Außerdem fassen wir die wichtigsten Ergeb­nisse aus einem Sicherheitstest des ADAC zusammen: Im Jahr 2021 hat der Auto­mobilclub verschiedene Trans­port­möglich­keiten verglichen – etwa dahin­gehend, wie robust die Gurt­systeme sind und ob Kinder sich verletzen können. Teil der Prüfung war auch ein Crashtest, bei dem ein Pkw mit 30 km/h seitlich in das mit Dummies besetzte Fahr­rad fuhr.
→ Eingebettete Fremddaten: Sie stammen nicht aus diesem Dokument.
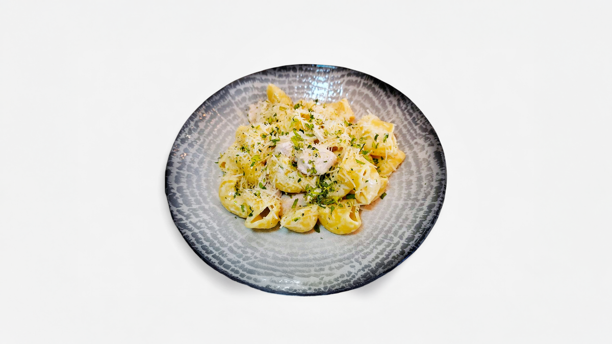 Kuřecí maso, houba shimeji, smetana, parmazán, petržel
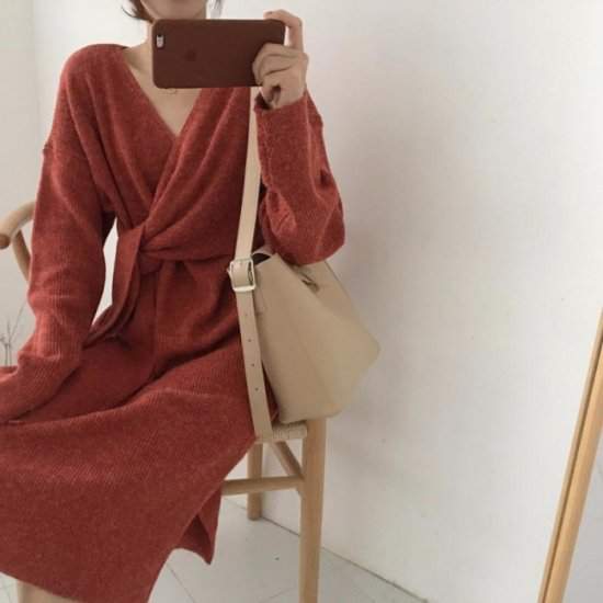 かわいい オルチャン韓国ニット ロング ニット カシュクールニットケーブル編み ニット ゆったり 397
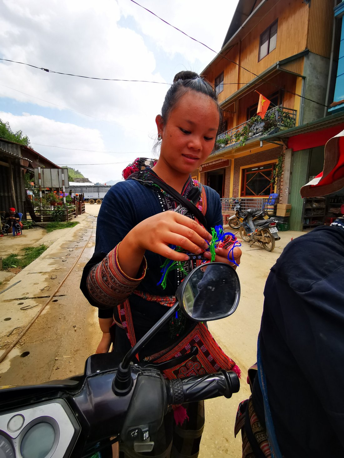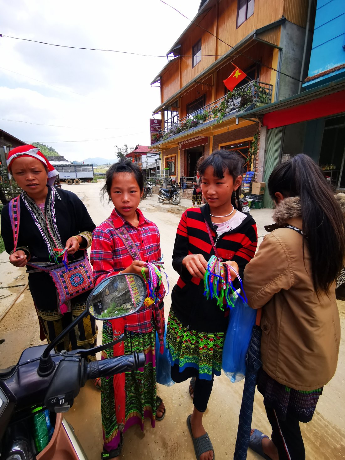 I landsbyen Ta Phin ble vi overrøst av selgere som ville selge oss alt fra hjemme broderte drakter til kinasydde vesker. Masse fint, men sekken er desverre allerede full, og vi har 8 måneder igjen å reise, så vi måtte takke nei til alt det fine håndarbeide. Men vi fikk beundre deres flotte håndbroderte drakter.

Tipps: So sorgen Eltern für mehr Sicherheit

Hundert­prozentig sicher fahren Kinder in keiner der Trans­port-Varianten. Eltern können aber selbst für mehr Sicherheit sorgen, wenn sie mit Kindern auf oder am Fahr­rad unterwegs sind:

  • Abwarten. Wir empfehlen, Kinder erst dann im Fahr­rad­anhänger oder Kinder­sitz auf dem Rad mitzunehmen, wenn sie sicher und selbst­ständig sitzen können. Erst dann ist ihre Muskulatur gut genug ausgebildet, um den Körper auch bei rumpeliger Fahrt zu halten.
  • Helm tragen. Kinder sollten immer einen Helm tragen. Modelle, die gut schützen, fanden wir im Kinderhelm-Test. Eltern sollten Vorbild sein und ebenfalls Helm tragen. Gute Modelle fanden wir im Fahrradhelm-Test für Erwachsene.
  • Anschnallen. Gurte auch auf kurzen Stre­cken immer anlegen. Wenn, beispiels­weise in einem Lastenrad, keine Gurte vorhanden sind, sollten Sie prüfen, ob sich diese nach­rüsten lassen.
  • Sicht­bar machen. Mit Anhänger oder angehängtem Kinder­fahr­rad wird das Fahr­rad deutlich länger. Für andere Verkehrs­teilnehmer ist das nicht unbe­dingt sicht­bar. Bringen Sie Fähn­chen oder Wimpel an, die auch in unüber­sicht­lichen Verkehrs­situationen – etwa hinter parkenden Autos – gut erkenn­bar sind.
  • Im Blick behalten. Wenn Kinder hinter dem Fahr­rad mitfahren, in einem Anhänger oder auf einem angehängten Rad, ist ein Rück­spiegel am Lenker sinn­voll, damit Sie die Kinder stets im Blick haben.
  • Fahren üben. Insbesondere das Fahr­verhalten der Lastenräder ist am Anfang gewöhnungs­bedürftig. Erst im verkehrs­beruhigten Bereich üben, bevor Sie kleine Passagiere mitnehmen.
  • Umsichtig fahren. Generell gilt: Umsichtig fahren und Gefahrensituationen vermeiden. Auch wenn es schnell gehen soll, eher den sichersten statt den kürzesten Weg wählen.
Fahr­rad­anhänger: Vielseitig und praktisch
Kinder­trans­port mit dem Fahr­rad - Wie Kinder sicher mitradeln

Komfortabel. Fahr­rad­anhänger sind praktische Kinder­taxis und oft auch als Buggy zu nutzen. © Sven Wied

Ein Fahr­rad­anhänger ist die klassische Lösung für das Problem Kinder­trans­port. Sie lassen sich meist schnell ans normale Fahr­rad koppeln und können oft auch als Buggy-Ersatz für bis zu zwei Kinder dienen. In gefederten Anhängern ist der Mitfahr­komfort für Kinder vergleichs­weise hoch, zumal sie guten Wetter­schutz bieten.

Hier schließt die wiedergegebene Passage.